この記事をまとめると
■ライター陣に「死ぬまでに一度は乗りたいクルマ」を聞く本連載
「死ぬまでに一度は乗りたいクルマ何ですか?」 犬とハワイを愛するモータージャーナリストがベタ惚れする1台
■今回はフランス車を愛する森口将之さん
■選んだのは「マトラソプラノ」と称されるマトラV12搭載のレーシングカーだった
乗りたいクルマはずっと前からマトラのレーシングカー
死ぬまでに一度は乗りたいクルマは、僕の場合かなり前から決まっている。マトラのV12を積んだレーシングカーだ。
マトラはもともと、第2次世界大戦直後に航空宇宙開発の会社として設立され、ミサイルメーカーとして有名になった。それが自動車業界に参入したのは、グループ会社が史上初のミッドシップロードカー、ルネ・ボネ・ジェットのFRPボディ製作を担当していたことがきっかけだったという。
マトラはルネ・ボネを買収して自動車業界に参入すると、レーシングカーの開発も始める。そして1969年にはF1ワールドチャンピオン、1972年からは3年連続でル・マン24時間レース総合優勝という、歴史に残る結果を残した。
その後はリジェなどにエンジンを供給し、ロードカーではミッドシップスポーツのバゲーラやムレーナを送り出したあと、ルノーと提携して自社開発生産のミニバンをエスパスとして販売。欧州ミニバンのパイオニアとしてヒットに結びつけた。
しかしルノーはその後、エスパスを自社開発生産に移行することを決定。マトラはエスパスをベースとしたクーペであるアヴァンタイムの生産を担当したが、2年間で8000台あまりしか売れず、自動車業界から撤退してしまった。
歴代V12エンジンのなかでもダントツの快音
僕はムレーナとアヴァンタイムの所有経験がある。先進的・独創的な思想に惹かれていたことが理由だが、ロードカーはすべて提携相手の量産エンジンを搭載していた。しかし、レーシングカーは違った。自社開発の3リッターV型12気筒を積んでいたのだ。
F1での戦闘力はトップレベルではなく、チャンピオンを獲得したマシンはフォードコスワースDFVを積んでいた。しかし、プロトタイプとは相性が良かったようで、ル・マン3連覇はすべてこのV12によるものだ。

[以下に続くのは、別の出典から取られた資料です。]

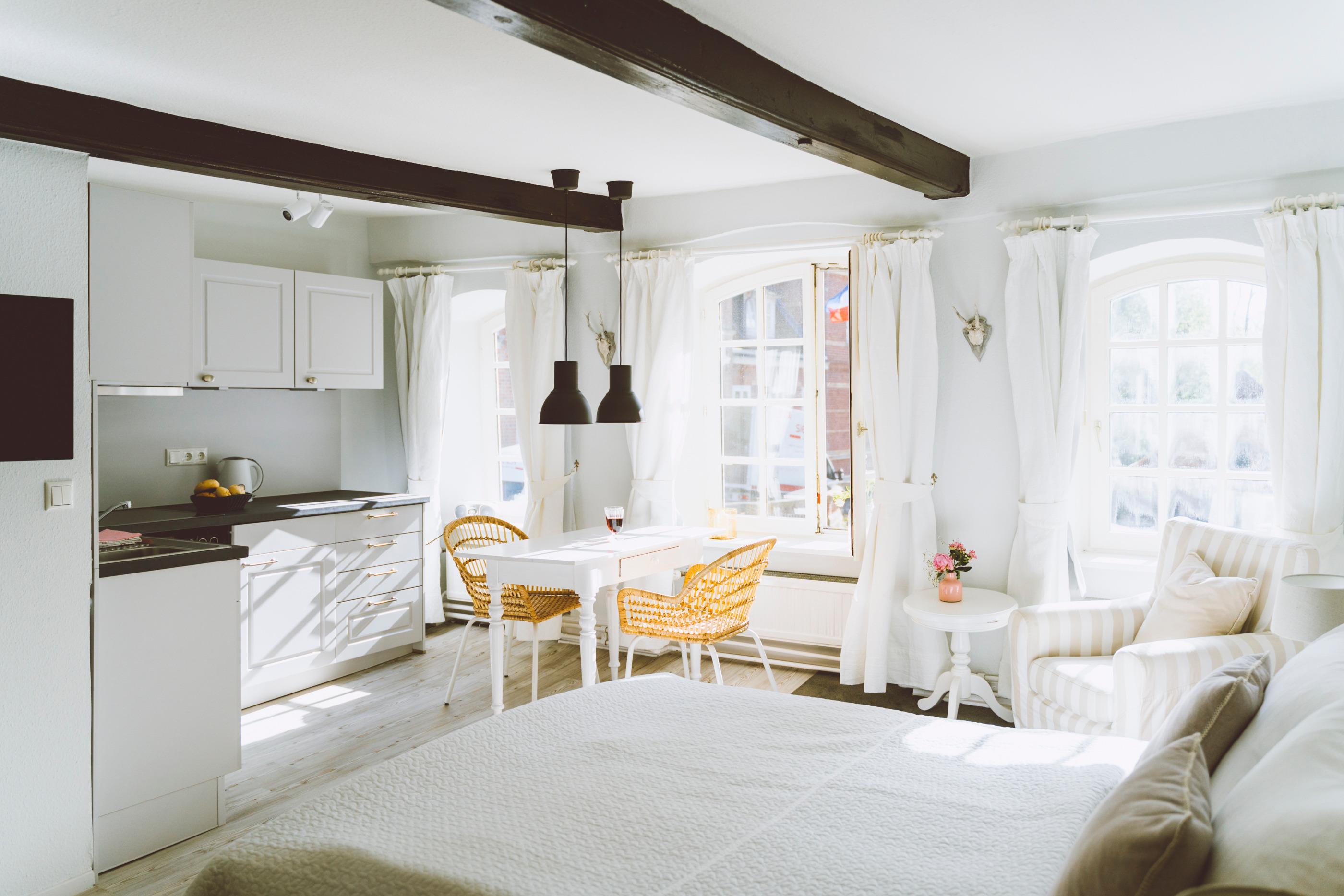 Genießen Sie Ihr kleines Urlaubsreich für zwei. Beim Ausschlafen im gemütlichen Boxspringbett. Beim Frühstücken mit Blick auf den Gutshof. Beim gemeinsamen Kochen. Beim Essen bei einem Glas Wein. Einfach wohlfühlen.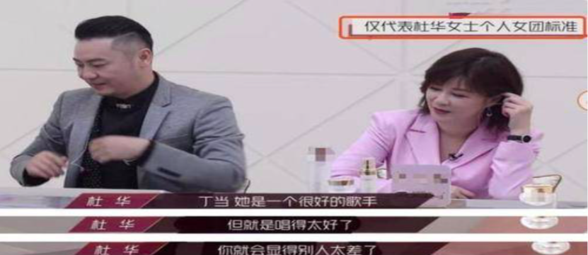 片段2:身为专业唱将的丁当,竟因为“唱的太好”的原因,被杜华打了低分。杜华给出的解释是:“她的能力太突出,会显得其他人太差,所以她个人发展会比成团要好。”

モータースポーツファンの間では、このV12は「マトラソプラノ」という形容詞とともに愛されている。今もYouTubeなどで聞くことができる、突き抜けるようなハイトーンを、僕はフランスのイベントで何度か耳にしたことがある。
フェラーリやランボルギーニ、そしてわがホンダなど、V12を手がけたメーカーは数多いけれど、その中でもダントツの快音だと断言できる。しかも前に書いたように、音だけなのではない。強さを兼ね備えていたのだ。
ロードカーの工場があったフランス中部の都市ロモランタン・ラントネには、エスパス・オートモビル・マトラというミュージアムがある。僕は2005年にここを訪れたことがある。
館内はフォーミュラやプロトタイプスポーツがずらっと並び、フレンチブルーの海と言いたくなる光景。そして片隅には7基のV12がショーケースに収まっていた。壁には当時のレースシーンの写真。あの素晴らしすぎるサウンドを耳にしながら、サーキットでフルスロットルを試してみたいという思いに駆られた。
あれから17年。今もその気持ちは揺るぎない。